Números que assombram: em cinco meses, sem licitação, Santa Rita gastou mais com lixo do que Campina Grande, com uma população três vezes maior

06:44 Manno Costa 0 Comments



Os números são gritantes.

Nos cinco primeiros meses de 2017, ou seja, de Janeiro a Maio, Emerson Panta pagou pelo lixo de Santa Rita o equivalente ao que Romero Rodrigues pagou pela coleta de resíduos de Campina Grande, com uma população três vezes maior que a nossa.

Santa Rita possui 135 mil habitantes.

Campina Grande tem 405 mil habitantes.

Com a capacidade de produzir, ao mesmo tempo, três vezes mais lixo que Santa Rita.

Acompanhe os gastos dos dois municípios com a coleta de lixo, entre Janeiro e Maio deste ano:

CAMPINA GRANDE (405 mil habitantes):

- Aterro sanitário: R$ 2.442.821,00
- Light Engenharia: R$ 4.800.523,60

TOTAL: 7.243.344,60


SANTA RITA (135 mil habitantes):

- Aterro sanitário: R$ 1.138.012,98
- Geo Urbana: R$ 3.136.623,39
- Servcol: R$ 3.440.383,19

TOTAL: R$ 7.715018,66


Santa Rita gastou em cinco meses mais de R$ 1,7 milhão em relação a Campina Grande com um terço da sua população, só com coleta.

A coisa fica pior se levarmos em consideração que Santa Rita produz metade do lixo de Campina. É quando a situação complica.
               
Basta fazer o comparativo dos números dos gastos que as duas cidades fazem com o aterro sanitário e se perceberá facilmente que a Rainha dos Canaviais produz metade dos resíduos produzidos na Rainha da Borborema.

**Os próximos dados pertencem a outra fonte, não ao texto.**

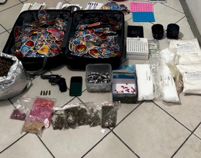 Durante a operação, os policiais apreenderam aproximadamente 2,1 quilos de skunk, 296 gramas de haxixe, cerca de mil comprimidos de ecstasy, 182 gramas de MDMA em pó, mais de um litro de óleo de THC, 167 pacotes de balas tipo gummy com MDMA e 2,4 quilos de balas com THC.

Para se entender, o lixo é "medido" e pago pelo peso, logo, pelos valores pagos se constata o tamanho da discrepância.

Sem levarmos em consideração os novos contratos que Panta fez no início de Junho quando superavitou em 50% os valores com as duas empresas já contratadas desde Janeiro, sem licitar absolutamente nada, elevando o gasto de Santa Rita com o lixo para mais de R$ 16 milhões, até o final do ano.

O erário santarritense vive de pagar o lixo mais caro da Paraíba, enquanto direitos são usurpados todos os dias, de servidores e da população, com seu acesso aos serviços públicos negado ou simplesmente ignorado.


Enquanto a cidade padece da falta do atendimento primário de demandas, os cofres sangram para agradar aos diversos interesses da gestão Panta, longe, bem longe, dos interesses da população.